The solution to discrete time finite horizon LQR problem is well studied. We have the linear system $$x_{k+1}=A x_{k}+B u_{k}+w_k$$ where $w_k$ is a random variable with mean $0$ and finite second moment, and we want to minimize $$J(\pi)=\mathbb{E} \{x_{N}^{\top} P x_{N}+\sum_{k=0}^{N-1} x_{k}^{\top} Q x_{k}+u_{k}^{\top} R u_{k}\}$$.
Given an input $x_0$, and sample i.i.d noise at each time step, we can recursively find optimal $u_k$.
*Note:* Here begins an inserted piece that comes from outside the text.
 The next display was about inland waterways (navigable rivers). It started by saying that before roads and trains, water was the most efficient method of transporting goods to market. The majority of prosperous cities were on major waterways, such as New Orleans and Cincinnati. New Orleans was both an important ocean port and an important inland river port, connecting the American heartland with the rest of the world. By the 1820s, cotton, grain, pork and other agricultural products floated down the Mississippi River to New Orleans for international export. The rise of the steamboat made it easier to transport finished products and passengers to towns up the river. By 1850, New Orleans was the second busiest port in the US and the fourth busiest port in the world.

Now, my question is, what if we want to mininize an "empirical" version of the above expectation, which is an average of $T$ trails: $$J = \frac{1}{T}\sum_{i=0}^{T} \big(x_{N}^{i\top} P x_{N}^{i}+\sum_{k=0}^{N-1} x_{k}^{i\top} Q x_{k}^{i}+u_{k}^{\top} R u_{k}\big)$$ where $$x_{k+1}^i=A x_{k}^i+B u_{k}+w_k^i$$
Of course, the initial point of each trail is the same, i.e., $x_0^i=x_0$ for all $i$. The key point here is that we want to find a SINGLE control sequence that minimize the empirical mean of several indepedent trails, where the state may be different due to indepdent noise $w_k^i$. Any existing theory or ideas to deal with the problem? Thanks!